Properties can come unfurnished, partially furnished, or fully furnished. Fully furnished rentals will come with furniture, decorations, and appliances, but you’ll need your own linens and towels.
Expats who are looking for properties to rent will probably need to go through a realtor, unless you have connections on the ground or can read Arabic and sort through the newspaper’s apartment listings. Popular realtors include Better Homes, Century 21, and Abdoun Real Estate. You can also try the app Lyv, which has an English-language search feature to look for apartments by price, amenities, property type, and neighbourhood.
Most foreigners will probably be coming to Jordan to live in Amman, Jordan’s modern capital city, which is a popular place for multinational corporations’ regional offices.
Prices can vary greatly, depending on neighbourhood and size. In most expat-friendly neighbourhoods in Amman, like Abdoun, Swefiah, Webdeh, Shmesani, and others, a furnished one-bedroom apartment will go for anything from $550 to $1,250 a month in rent. A furnished three-bedroom apartment may cost from $825 to $1,900 a month. Luxury apartments, which may come with underfloor heating, alarm systems, private water tanks or wells, and pool access, are available starting at $1,800 a month for a furnished one-bedroom.
Other cities in Jordan, like Zarqa or Irbid, will have cheaper rentals, but also less expat-friendly options.
If you’re planning on renting in Jordan, keep these tips in mind:
• The infrastructure in some Jordanian neighbourhoods isn’t great, so take a look at your property’s amenities ahead of time, and make sure you write down any issues in your contract before signing
• You’ll need to set up your own utilities, including water, electricity, and gas. Electricity and water are subsidised by the government and aren’t too expensive. You’ll need to buy your gas by the cylinder, and your guard can likely help you install it.
If you want to own property in Jordan, you shouldn’t have a problem doing so, particularly with foreigner-friendly investment policies and competitive bank financing. Foreigners can own or lease property in Jordan for investment purposes, and are allowed one residence for personal use, so long as their home country permits reciprocal property ownership rights for Jordan citizens. That is the case for the United States, members of the European Union, Canada, and many other countries.
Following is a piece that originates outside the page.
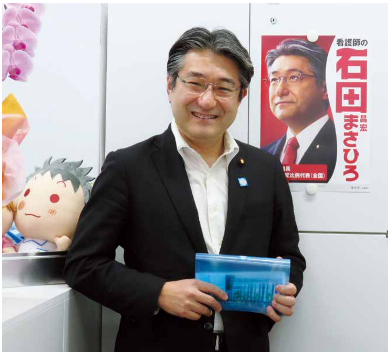
埼玉県看護連盟を訪れました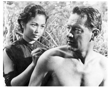
1957 LE PONT DE LA RIVIÈRE KWAÏ (Bridges of the River Kwai) de D. Lean avec Ngamta Suphaphongs

Depending on the size, location, and intended use of the property, you may need to get sign-off from the Lands and Surveys Department, the Ministry of Finance, and/or the Cabinet (also called the Council of Ministers), before you can buy. For more details, visit this government portal.
Expats usually use real estate agents to help identify the property they’d like to buy. Once you’ve found one, you’ll need a lawyer to complete the process, especially if you don’t speak Arabic.
First, you’ll need to make sure the property is registered with the Lands and Surveys Department. They’ll give you an official sale form, as well as a cadastral map, or a base map noting utilities, transportation, and land use. They’ll also provide you with the certificate of ownership to include in your application.
Then, you’ll get a tax clearance certification from the Ministry of Finance, which you’ll include in your application to purchase. If your application is approved, you’ll need to pay the following fees:
• A registration fee of 9% of the property’s cost, to transfer ownership of the title – this is often split between the seller and the buyer
• A government transfer tax – you as the buyer will pay 6% and the seller will pay 4%
• A brokerage fee of 2%
• A stamp duty of 0.6%
• Annual property tax – this will depend on your municipality and the size of your property
After you’ve bought your property, you cannot resell it for at least five years.